GriefThe body lay out on the road, where I had placed it. Now and then, I’d go to the window and see it, still lying out there in the bright sun. Of course I had a million other things to do today and could not devote my full attention to it. But every time I thought I had lost myself completely in the task at hand, I would catch myself walking towards the window. And there it was still, lying face-down on the burning tar. His arms were fanned out over his head, legs spread in two different directions, like he had jumped off the diving board and landed into a swimming pool made of tar. Or like the back of the Jesus we saw in church – only without his cross.

I had not wanted to do this to him, but he had left me no choice. I thought of the other body in my house, the one that had been here since last night. I had loved them both equally. But it was because of him that she had died. And so he had to die too. I knew he wasn’t dead yet, but out there in the middle of the road, it was as good as if he was. All it would take was for a truck to pass by at a high speed. How many times have we heard that it is a HIGHWAY and that NO ONE should be on it without supervision?

When the evening snack was served, I began to miss him terribly. He had been my companion in every little thing. As usual, I was served extra food and given an extra plate for him. From my own plate, I took the things I knew he liked the most and placed them properly on his plate. I always drank Bournvita in the evenings. But he hated milk, so I just put some of the powder on his plate instead. Bournvita is very important for our bones and I wanted his bones to be as strong as mine. When his plate was ready, I realized that he wasn’t there to eat from it. For the twelfth time today, I reconsidered going out and bringing him back. But then I thought of my grandmother, sleeping outside in the dark brown coffin. And I changed my mind again.

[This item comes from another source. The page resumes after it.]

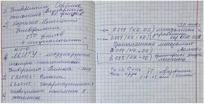 Важный момент: в данных обоих порталов нет сноски по языку преподавания. Надо каждый раз идти ножками и спрашивать на месте, на каком языке учатся студенты в конкретной группе. У меня ребенок закончил русскую школу. Ему объективно будет тяжело учиться на казахском.

After the evening snack, I decided to leave my room and go out. Sheela stopped me at the door. “You can’t go out now. They have asked me to sit with you here,” she said. Sheela has all these funny ideas about how she can stop me from doing something. But Sheela is wrong. Yes, she is taller than me but my teeth are stronger than her arms. I think I am the one with the advantage here.

This time too, she tried to hold me back. But the moment I bit down on her hand, she let go. I am proud of the way I have trained Sheela.

Outside, there were lots of people I did not know and some who I know who always smile at me in church. But no one smiled at me now. I think it could be because I was not dressed properly for church. I would have, if I had known. But I simply did not know they would be here. Anyway, who cares?

I ignored everybody and went right up to my grandma at the front of the room. She was still lying there the same way. She never slept in front of strangers. And now there was a room full of unknown people and she seemed to be fine with that. Sheela had told me that she was supposed to be dead. But I had never thought that this is what dead looks like. Seeing Granny, I suddenly remembered him out on the road. Wasn’t he looking like this too? This means he was already dead. But now I wanted him back. No Granny and no Teddy? I suppose I would also die now.

Without even thinking about it, I started crying. I never cry unless I want something. This time, I wanted Granny and Teddy. But now Granny did not stop me. Instead, Daddy came out of the kitchen and picked me up in his arms. I looked down at Granny. She looked very different from up here. Daddy patted my head and rubbed his hand over my back. I did not like this. He did not know I had killed someone today. So I just put my head on his shoulder and thought about things quietly for a while.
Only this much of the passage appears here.